Quel est votre parcours ?
J’ai su très tôt ce que j’avais envie de faire, même si je ne mettais encore pas un mot dessus. Dès l’âge de 9–10 ans, j’ai commencé à faire des dessins, des maquettes, des robes aussi. La mode et les fringues m’intéressaient et j’avais une véritablement passion pour les costumes de film — costumes historiques notamment — mais j’étais loin de penser, même plusieurs années après, que l’on pouvait en faire son métier. J’ai donc commencé par une formation de couture traditionnelle s’achevant sur un stage « en maison », en l’occurrence l’Opéra de Bordeaux, ma ville d’origine. Ce court passage en coulisses a été une révélation de mon attrait pour l’art lyrique, le théâtre chanté, la danse et une confirmation pour le choix de mon futur métier de costumier. Je suis parti apprendre les règles de l’Art à l’Ecole de la rue Blanche, une école d’Etat spécialisée, ex-parisienne désormais installée à Lyon. Le cursus classique — costumes de film, création en atelier — a quelque peu été perturbé par l’opportunité exceptionnelle qui m’a été offerte d’effectuer un remplacement d’habilleur aux Folies Bergère, dans une atmosphère un tantinet traditionnel et désuet mais extrêmement formateur, du temps des dernières grandes revues de Michel Gyarmathy, toute fin des années 80. Là, je suis tombé amoureux du music-hall et, surtout, j’ai saisi la réalité du terrain, la nécessité d’allier la créativité parfois idéaliste de l’atelier aux contraintes physiques de la scène : rapidité de l’habillage, confort et robustesse du costume.
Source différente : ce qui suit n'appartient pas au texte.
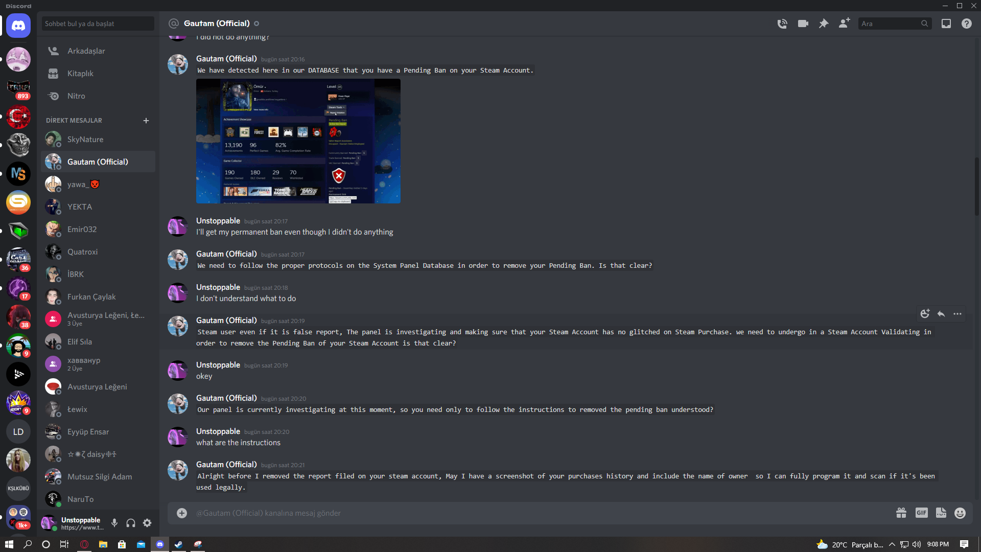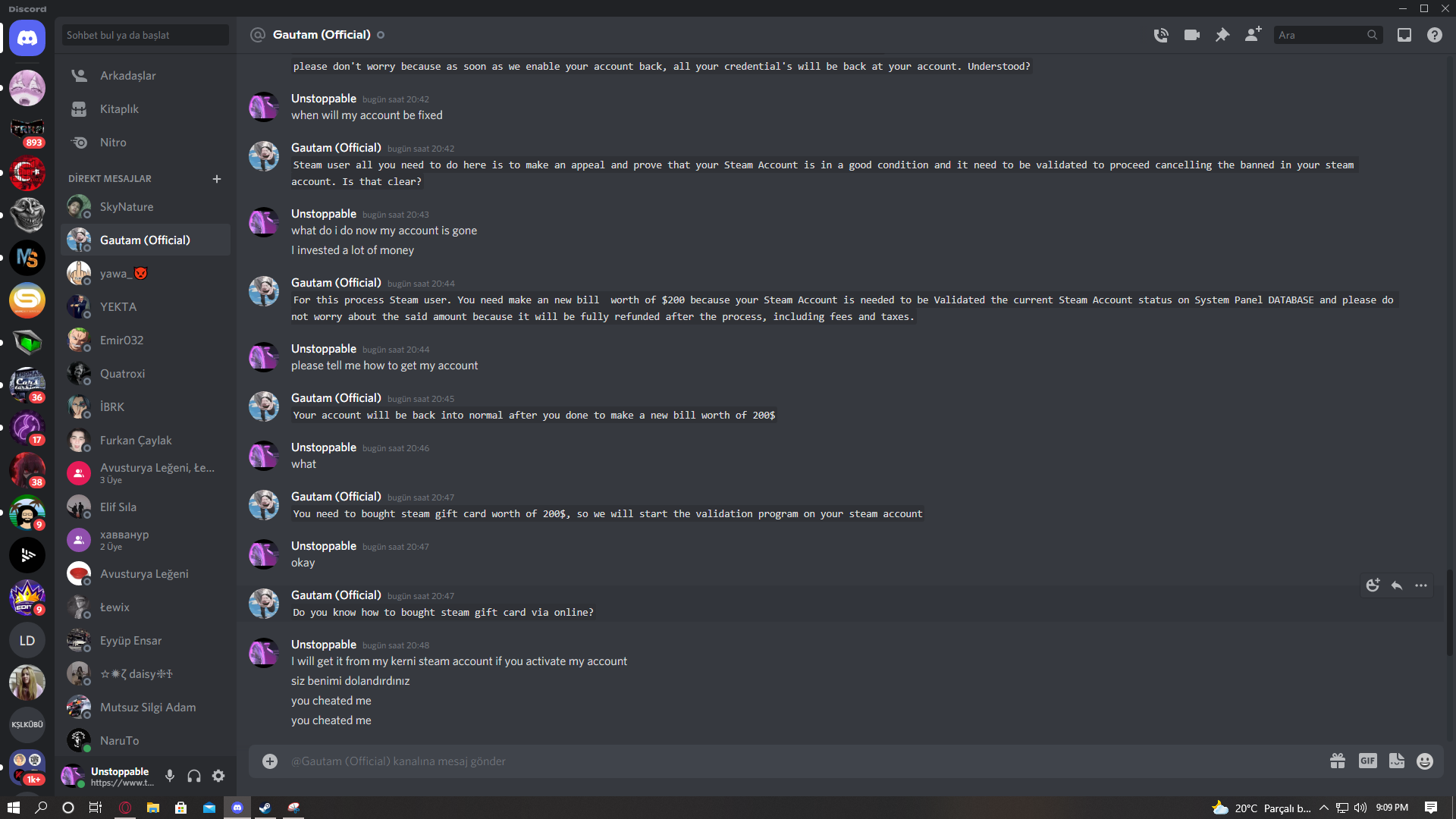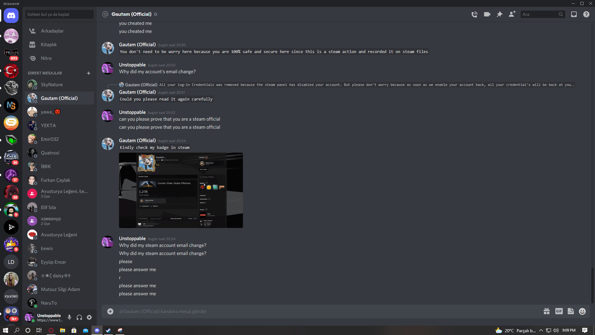 Nasıl bu kadar saf olabiliyorsunuz anlamıyorum Steam yetkilisi size neden orta parmak ppli bir Discord hesabından yazsın hani biraz düşünme kabliyeti olan anlardı.

Le saut vers la comédie musicale date donc de cette époque ?
Oui, je me suis spécialisé dans des techniques adaptées au théâtre et à la danse, tant dans le choix des matières que dans la fabrication, et assez éloignées de ce que j’ai appris en couture académique. De cette époque, j’ai également gardé de nombreux contacts, dont de nombreux artistes indépendants, qui m’ont permis d’exercer régulièrement pour ce type de spectacles que j’affectionne, où le mouvement tient une place particulière… j’ai même travaillé pour un contorsionniste ! Les costumes doivent avoir suffisamment d’ampleur pour remplir l’espace de la scène et en même temps révéler l’interprétation corporelle des artistes.
C’est un fait que les costumes de Panique à Bord sont près du corps…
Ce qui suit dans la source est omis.